Unnamed: 0,Review,Rating,Sentiment
0,nice hotel expensive parking got good deal sta...,4,positive
1,ok nothing special charge diamond member hilto...,2,negative
2,nice rooms not 4* experience hotel monaco seat...,3,neutral
3,"unique, great stay, wonderful time hotel monac...",5,positive
4,"great stay great stay, went seahawk game aweso...",5,positive


In [8]:
from sklearn.feature_extraction.text import re
def clean_data(review):
    no_punc = re.sub(r'[^\w\s]', '', review)
    no_digits = ''.join([i for i in no_punc if not i.isdigit()])
    return(no_digits)

In [9]:
df['Review'][0]

'nice hotel expensive parking got good deal stay hotel anniversary, arrived late evening took advice previous reviews did valet parking, check quick easy, little disappointed non-existent view room room clean nice size, bed comfortable woke stiff neck high pillows, not soundproof like heard music room night morning loud bangs doors opening closing hear people talking hallway, maybe just noisy neighbors, aveda bath products nice, did not goldfish stay nice touch taken advantage staying longer, location great walking distance shopping, overall nice experience having pay 40 parking night,  '

In [10]:
df['Review'] = df['Review'].apply(clean_data)

In [11]:
from sklearn.model_selection import train_test_split 
y = df['Sentiment']
X_train, X_test, y_train, y_test = train_test_split(X,y)

In [17]:
from sklearn.linear_model import LogisticRegression
lr = LogisticRegression(solver = 'liblinear')
lr.fit(X_train, y_train)
preds = lr.predict(X_test)

In [23]:
from sklearn.metrics import accuracy_score
accuracy_score(y_test, preds)

0.8524302166699199

In [20]:
from sklearn.metrics import accuracy_score, precision_score, recall_score, f1_score, confusion_matrix

In [22]:
print("Precision score:", precision_score(y_test, preds, average='macro'))
print("Recall score:", recall_score(y_test, preds, average='macro'))
print("F1 score:", f1_score(y_test, preds, average='macro'))
print("Confusion matrix:\n", confusion_matrix(y_test, preds))

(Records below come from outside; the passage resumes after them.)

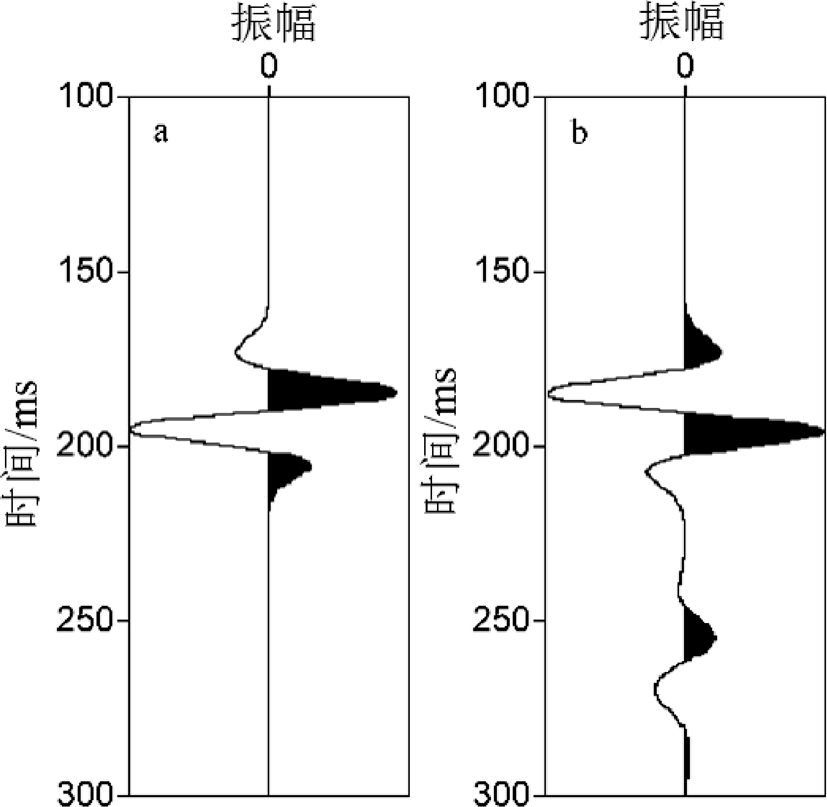 为客观模拟岩浆岩在实际地震剖面上的反射特征,首先利用波动方程数值模拟方法对岩浆岩模型的叠前波场进行模拟,再对叠前波场进行偏移成像。正演模型设计如图2 所示(红色为岩浆岩),岩相类型包括岩床和沿墙。模拟单炮记录反映了来自浅、深两个区域的岩浆岩反射波,其中第一层岩浆岩厚度较小,反射波能量较弱,深部岩浆岩厚度较大,反射波能量较强,对于岩浆岩内部,反映出较为复杂的反射和绕射波场。图3a 为叠前时间偏移处理获得的岩浆岩反射波特征,火山口顶部的形态与地质模型较为接近,绕射波得到较好地收敛,地震剖面上岩浆岩的反射波与岩浆岩结构之间具有明确的对应关系,但岩浆岩内部构造得不到准确的反映。图3b 为叠前深度偏移处理获得的反射剖面特征,此时剩余绕射能量得到充分的收敛,地震剖面清晰地反映了岩浆岩的构造特征,岩浆岩内部构造也得到精确地成像,可以直接利用反射波同相轴的空间展布和几何关系可对岩浆岩分布进行准确描述。由此可见,岩浆岩结构和波场复杂,不同的处理方法获得的岩浆岩反射波特征差异较大,因此,高精度的处理成果是岩浆岩反射波特征正确识别的基础。
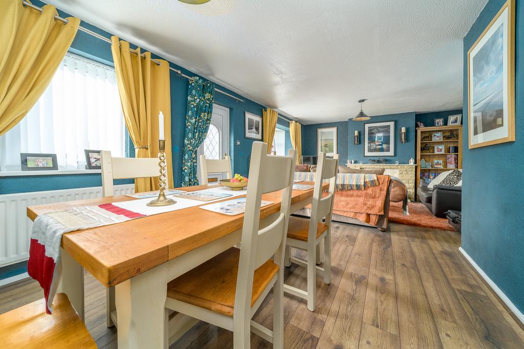 The front door opens into the welcoming lounge-diner which offers plenty of space to relax on comfortable seating and to sit and dine. Two windows allow a wealth of natural light to circulate. An electric feature fireplace with a stone surround and marble back and hearth forms an attractive focal point whilst you are relaxing with family and friends exchanging stories of the day. The space is finished attractively with wood-look flooring.
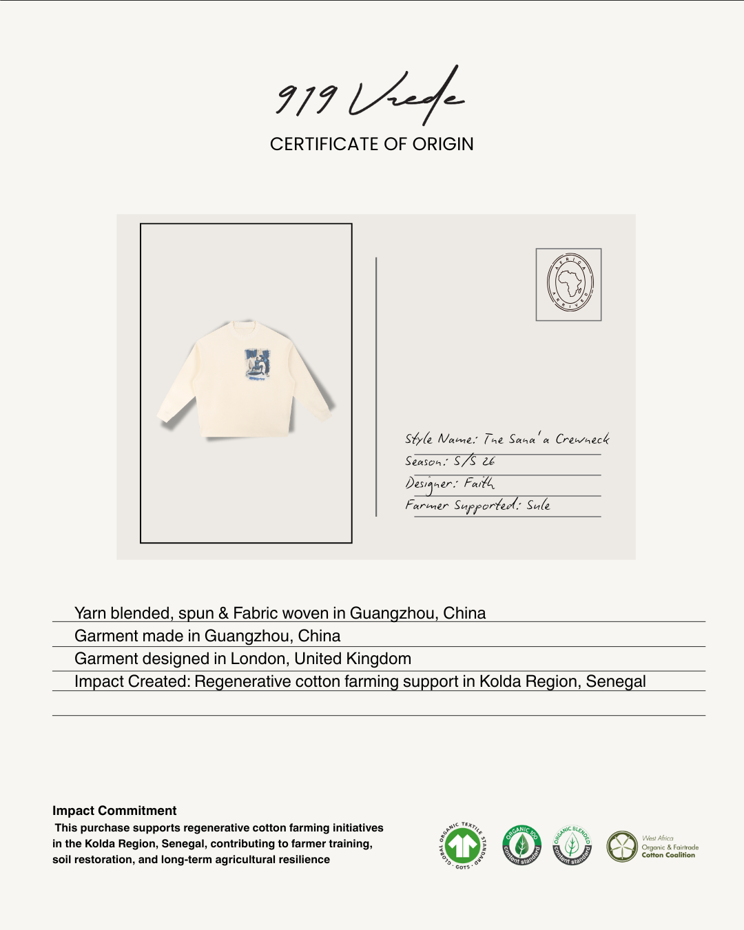 THE SANA’A CREWNECK TRACEABILITY
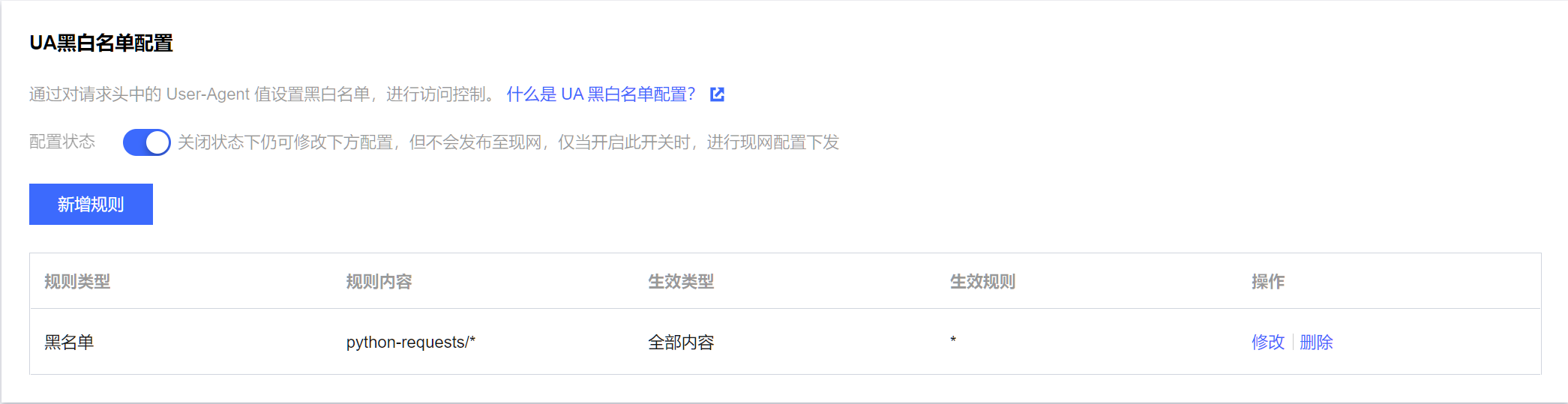 在访问控制里找到IP访问限频配置。限制每秒的访问次数。python-requests/*
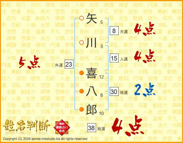 矢(5画)川(3画) 喜(12画)八(8画)郎(10画)
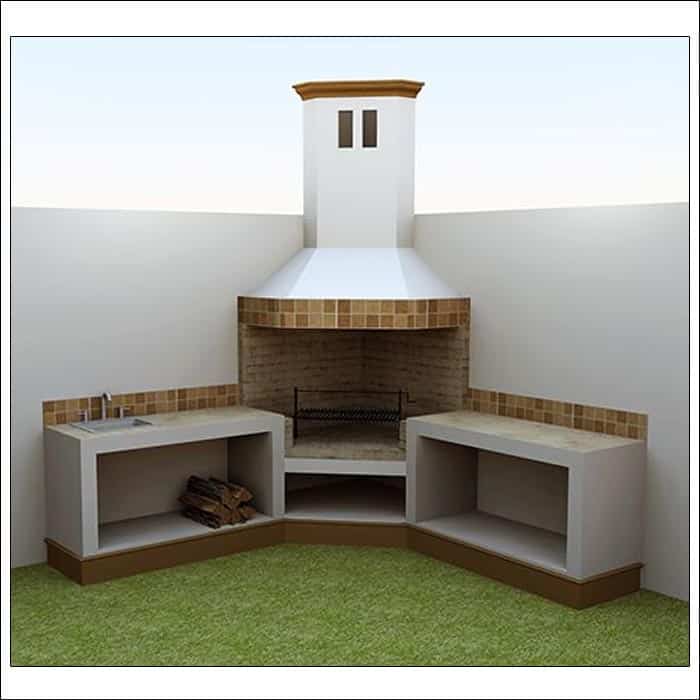A veces por el espacio reducido que tenemos en casa, no es posible construir un asador de concreto como los diseños anteriores y tenemos que recurrir en aprovechar las esquinas de los muros, y es ahí donde podemos construir nuestro asador de concreto en la esquina del patio o donde se unen los muros de una barda o de algún cuarto que tenemos disponible para nuestro asador.
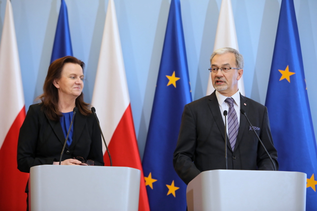 Na zdjęciu: Minister inwestycji i rozwoju Jerzy Kwieciński oraz prezes ZUS Gertruda Uścińska podczas konferencji prasowej dotyczącej OFE
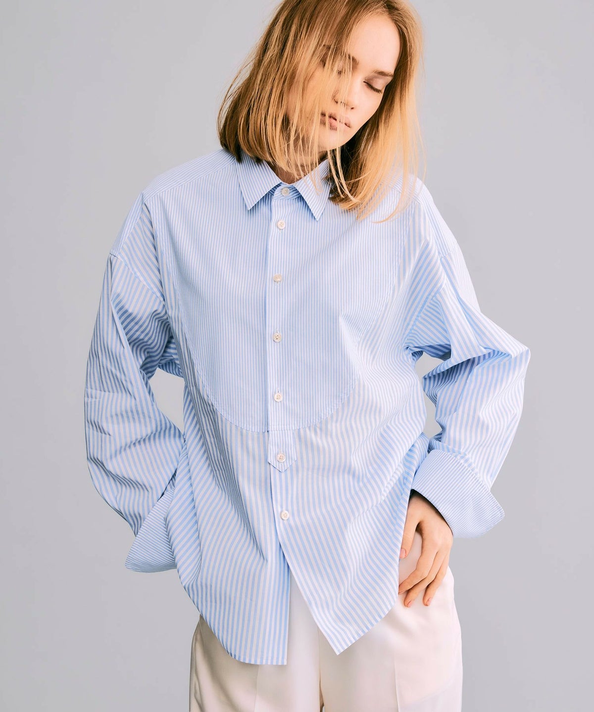 イカ胸ストライプシャツ*ブルーストライプ*<NMS1-LBL18>

Precision score: 0.7658412198514739
Recall score: 0.6141740746680338
F1 score: 0.6327498153997057
Confusion matrix:
 [[ 583   22  188]
 [  99   68  398]
 [  28   21 3716]]


In [14]:
def predict_sentiment(review: str, rating: int) -> str:
    df = pd.DataFrame({'Review': [review], 'Rating': [rating]})
    df['Review'] = df['Review'].apply(clean_data)
    X = tfidf.transform(df['Review'])
    result = lr.predict(X)
    sentiment = 'positive' if result == 'positive' else 'negative'
    message = f"The sentiment of this review is {sentiment}."
    return message

In [14]:
predict_sentiment('really crap', 1)

'The sentiment of this review is positive.'

In [15]:
predict_sentiment('I had a terrible time at the hotel', 5
                 )

'The sentiment of this review is negative.'

In [16]:
predict_sentiment('A MESS', 5
                 )

'The sentiment of this review is positive.'

In [17]:
predict_sentiment('A MESS', 1
                 )

'The sentiment of this review is positive.'

In [18]:
predict_sentiment('Trash', 5
                 )

'The sentiment of this review is positive.'

It runs! However, this is a negative review, but it brings out "postive". It could be that I need to use another measure of accuracy, like confusion matrix. 
It could also be that there is an issue with the mapping. 

*Put a lot of two token reviews and see how it works*

# Correction: Train it with only rating. Build it to be 'trainable' with other datasets, and other use cases, like restaurants.